*** EXERCISE INPUTS Section Begins ***

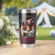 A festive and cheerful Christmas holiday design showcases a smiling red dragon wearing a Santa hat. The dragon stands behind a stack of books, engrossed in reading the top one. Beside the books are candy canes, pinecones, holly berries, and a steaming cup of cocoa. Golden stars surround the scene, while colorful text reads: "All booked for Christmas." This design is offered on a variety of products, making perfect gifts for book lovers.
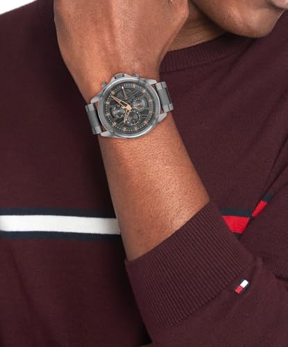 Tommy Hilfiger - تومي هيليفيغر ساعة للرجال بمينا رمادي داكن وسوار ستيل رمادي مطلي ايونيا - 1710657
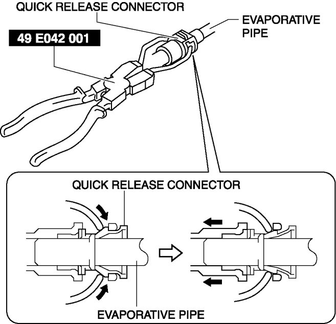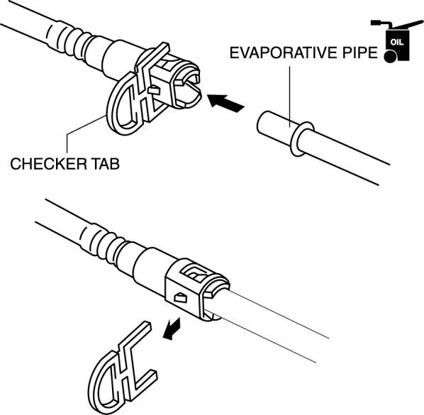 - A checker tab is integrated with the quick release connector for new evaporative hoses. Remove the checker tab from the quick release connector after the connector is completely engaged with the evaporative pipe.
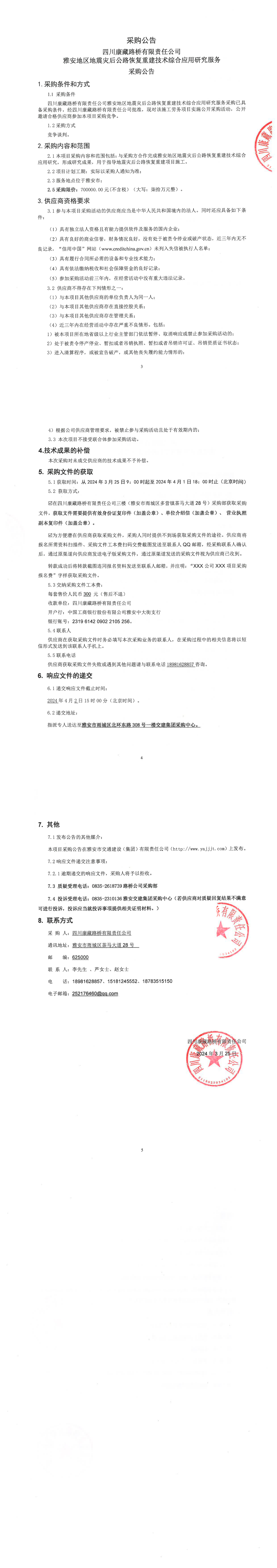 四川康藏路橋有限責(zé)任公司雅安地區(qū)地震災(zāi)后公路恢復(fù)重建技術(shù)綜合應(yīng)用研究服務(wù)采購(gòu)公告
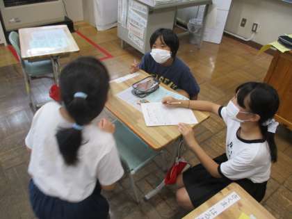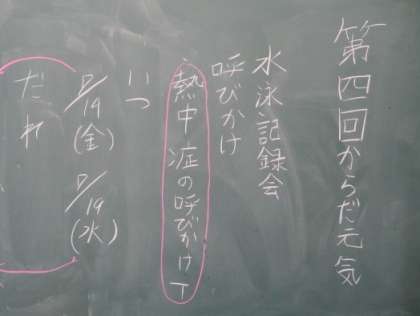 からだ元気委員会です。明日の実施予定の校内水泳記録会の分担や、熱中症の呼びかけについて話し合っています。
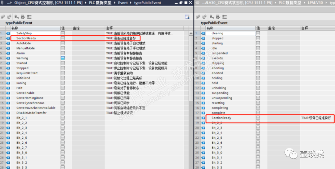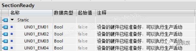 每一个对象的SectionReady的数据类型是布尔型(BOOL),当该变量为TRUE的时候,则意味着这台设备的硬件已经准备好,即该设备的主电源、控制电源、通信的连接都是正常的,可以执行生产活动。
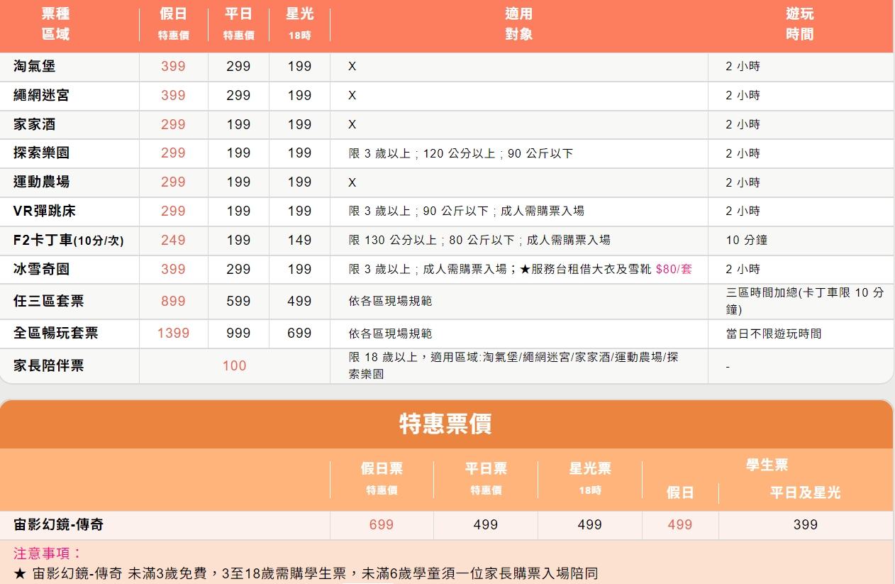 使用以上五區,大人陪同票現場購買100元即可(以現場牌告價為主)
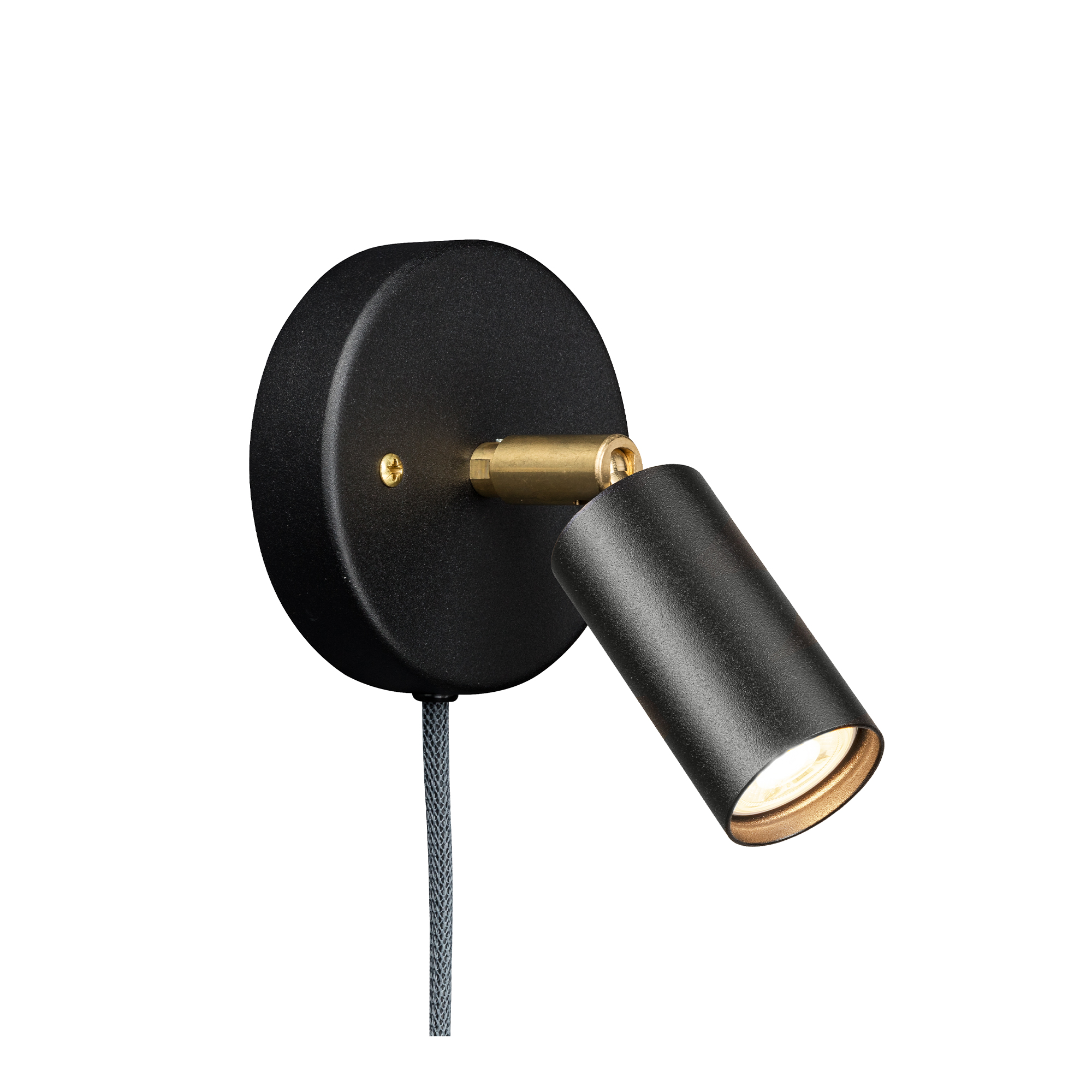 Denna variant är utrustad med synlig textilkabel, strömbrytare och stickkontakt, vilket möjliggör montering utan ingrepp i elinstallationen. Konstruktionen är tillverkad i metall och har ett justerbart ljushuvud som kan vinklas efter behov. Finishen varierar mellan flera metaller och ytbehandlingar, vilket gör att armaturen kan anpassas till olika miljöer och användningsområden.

*** EXERCISE INPUTS Section Ends ***
*** EXERCISE INPUTS Section Begins ***

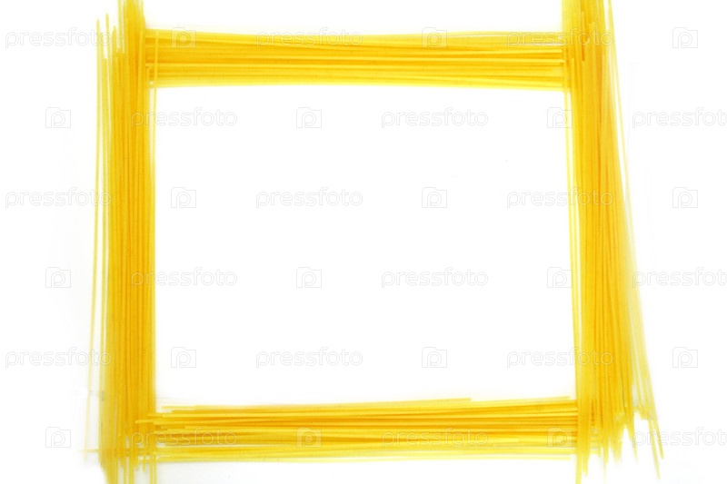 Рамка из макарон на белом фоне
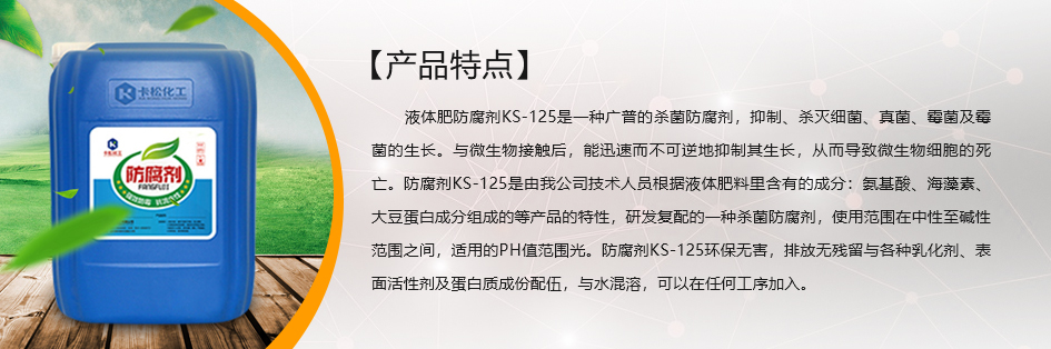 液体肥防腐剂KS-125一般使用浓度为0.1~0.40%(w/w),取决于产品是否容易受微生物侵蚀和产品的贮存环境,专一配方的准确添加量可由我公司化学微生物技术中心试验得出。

*** EXERCISE INPUTS Section Ends ***
*** EXERCISE INPUTS Section Begins ***

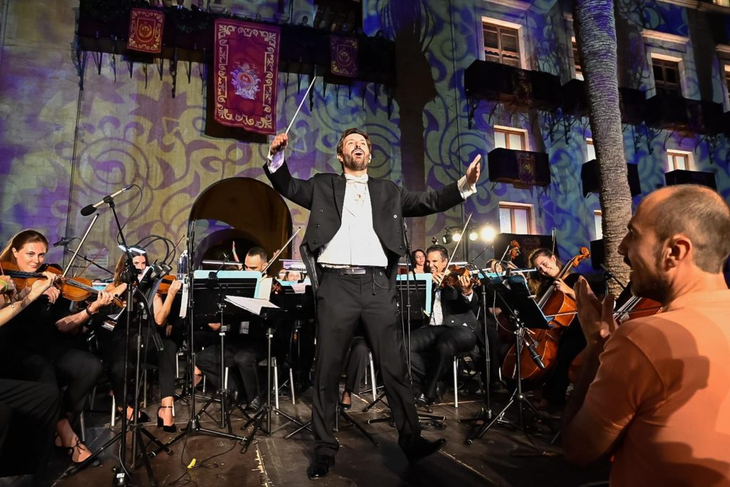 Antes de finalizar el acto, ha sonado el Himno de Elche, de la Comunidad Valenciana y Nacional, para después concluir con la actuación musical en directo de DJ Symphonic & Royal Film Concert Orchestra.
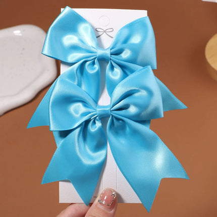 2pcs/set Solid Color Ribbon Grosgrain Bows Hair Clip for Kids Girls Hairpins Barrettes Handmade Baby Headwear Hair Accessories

*** EXERCISE INPUTS Section Ends ***

_WORK TASK_: The answer must be the part of the records that opens with the line containing "Рамка из макарон на белом фоне" and closes with the line containing "液体肥防腐剂KS-125一般", reproduced exactly, with no pictures.

_PROBLEM SOLUTION_:
 Рамка из макарон на белом фоне
 液体肥防腐剂KS-125一般使用浓度为0.1~0.40%(w/w),取决于产品是否容易受微生物侵蚀和产品的贮存环境,专一配方的准确添加量可由我公司化学微生物技术中心试验得出。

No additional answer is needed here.